Ci sono gli agridetersivi, prodotti solo con ortaggi (come alloro, ortica, limone, rosmarino, aceto, sambuco o carota), vestiti interamente naturali, cosmetici a base di olio di oliva, latte d’asina e –addirittura! – spumante. C’è un prato grande come un tappeto, già pronto solo da innaffiare dopo averlo sistemato su una terrazza o in un giardinetto. C’è poi una curiosa start up lucana che è riuscita a riutilizzare il più comune dei rifiuti domestici, i fondi del caffè, per coltivare funghi commestibili.

Dalla particolarità mediterranea al pensiero strutturato nipponico. Un nuovo modo di affrontare il problema viene dal Giappone: osservando il meteo si possono ridurre gli sprechi alimentari. Si stima che nell’Isola del Sol Levante ogni anno vadano buttate almeno 17 tonnellate di cibo (i Giapponesi hanno parametri molto rigorosi in fatto di scadenza degli alimenti). L’idea nella sua originalità è estremamente banale: temperatura, umidità e condizioni atmosferiche influenzano i consumi.
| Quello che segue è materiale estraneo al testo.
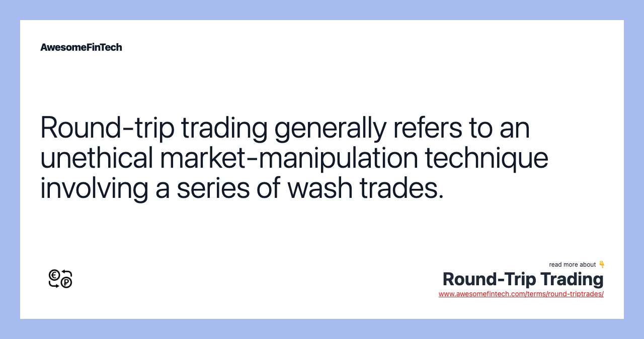 Round-trip trading, or "round-tripping," usually refers to the unethical practice of purchasing and selling shares of the same security over and over again in an attempt to manipulate observers into believing that the security is in higher demand than it actually is. By creating fake trading volume, round-tripping can also interfere with technical analysis based on volume data.
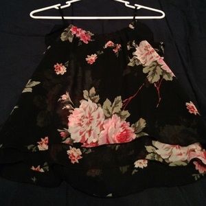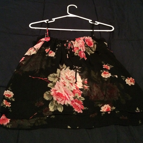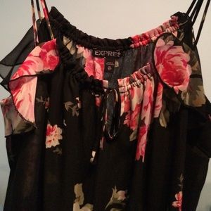 NEVER WORN. Express, party or casual cute top. Black with flowery design. Open shoulder, thin double straps. Can be a crop top. Slightly see through. Size: extra small.

Con buone proiezioni sull’andamento del meteo si possono regolare le produzioni in modo che le merci non vadano buttate. Il progetto pilota include prodotti come tofu, pane, latte, “mentsuyu” (base per zuppe). Se secondo le previsioni per il giorno successivo le tempereture saranno alte e il clima afoso, le aziende attive produrranno più bevanda e prodotti che di norma si preferiscono nei giorni caldi, come l’hiyayakko, il tofu freddo. In caso contrario la produzione andrà ridotta. L’idea è interessante, i risultati dell’esperimento ancora da verificare.

Una cosa è certa: la tutela dell’ambiente e la riduzione degli sprechi, se ci sarà, sarà frutto di una nuova creatività intelligente. Individuale e collettiva.